Why do you make films?

Three reasons: Courage, stupidity, and love. Courage to feel that I have something important to say, stupid enough to believe that it is possible to say it, and say it in film, and love - the love I have for an audience, and the need of love from an audience.

I am interested in film as communication of content. I need to reach people and inspire them and change their lives. I want to bring elements together that haven't been brought together before to make an obvious statement that has not been discovered.

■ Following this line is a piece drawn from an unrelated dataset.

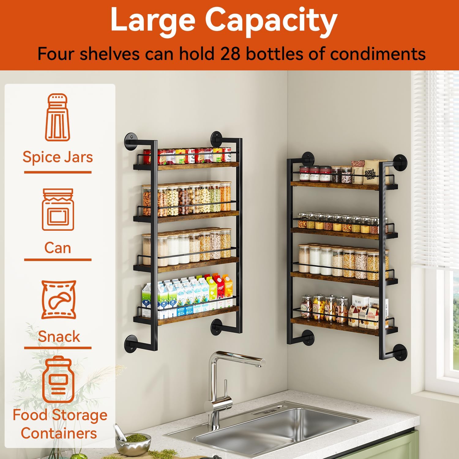 IBUYKE Spice Rack Wall Mount,4 Tier Hanging Seasoning Organizer,Large Spice Rack for Wall for up to 50 Jars,Spice Organization for Kitchen Cabinet,Bathroom,Pantry,Living Room,Brown TLJ016H

But it's very difficult when you come from a working class background to make films, to get in a position of power where you can have access to the tools, let alone the courage. Few people from my background would have the courage to think that they could do anything beyond working in a factory. In think in a sense both Hollywood and New York do a disservice to people interested in film because they mystify the process; they make it seem more difficult than in reality it is. In reality it's principally the commitment and the ability to stick to it, until you get the product that says what you want it to say. And that can take five years, ten years, a lifetime. Which is why I felt fortunate growing up in Ohio, because it was a situation where I didn't have fear. I thought it was possible. I didn't have people running around telling me it was impossible to do what I was doing, or that I had to work for an industrial corporation first, before I could do what I wanted to do. I think many people have been lied to that way.

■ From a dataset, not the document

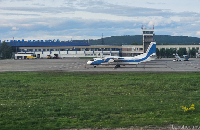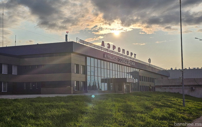 Аэропорт Мурманска находится достаточно далеко от города, но на горизонте при подлёте город можно было рассмотреть.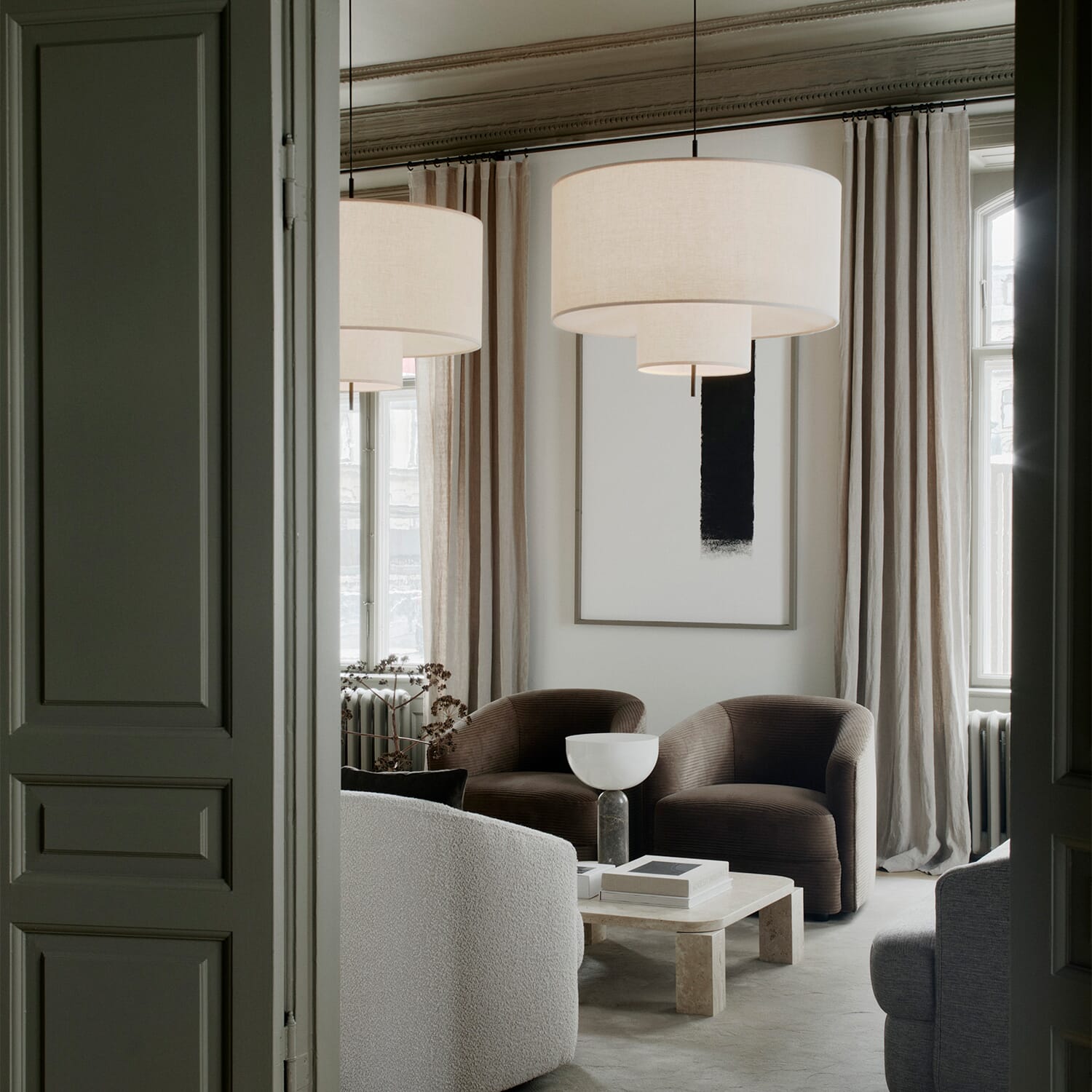 Margin-belysningsserien er designer John Asburys moderne tolkning av en klassisk lampe. Ved å utforske et lagdelt design, sprer Margins overlappende skjermer lyset på en myk måte og skaper umiddelbart en varm og innbydende atmosfære. Stoffets mykhet balanseres av en ren, grafisk silhuett som gir rommet en følelse av tilstedeværelse og volum. Det er proporsjonene, sammen med detaljer som det linjeformede elementet gjennom lampen, som skaper en skarp estetikk og fremhever Margins unike karakter.

There was a thing in the "Los Angeles Times" last week that said the three most foreign words in the English language were 'parade', 'museum' and 'documentary'. So naturally it's a turnoff. I'd like to try and change that if possible. But I don't want to become a jaded old documentarian; there are too many of those around. I like comedy. I think comedy in documentary may be the way to go.

What do you see as the current problems with documentary?

When I first started in documentary back at Antioch College, a friend of mine saw a rough cut of "Men's Lives" where there is an interview with a barber. After the cut he said, "That barber, his pausing, his annunciation, ...he is so real - he's real enough to be an actor." And then when I moved back to Springfield, I saw a friend I hadn't seen for 10 years. He said, "Hi, what are you doing now?" I said, "principally I've been a documentary filmmaker." He said, "Oh, documentaries, I know a guy who used to do that; now he's making real films." That's the problem with documentary. People's sense of reality is so warped that documentaries aren't real films.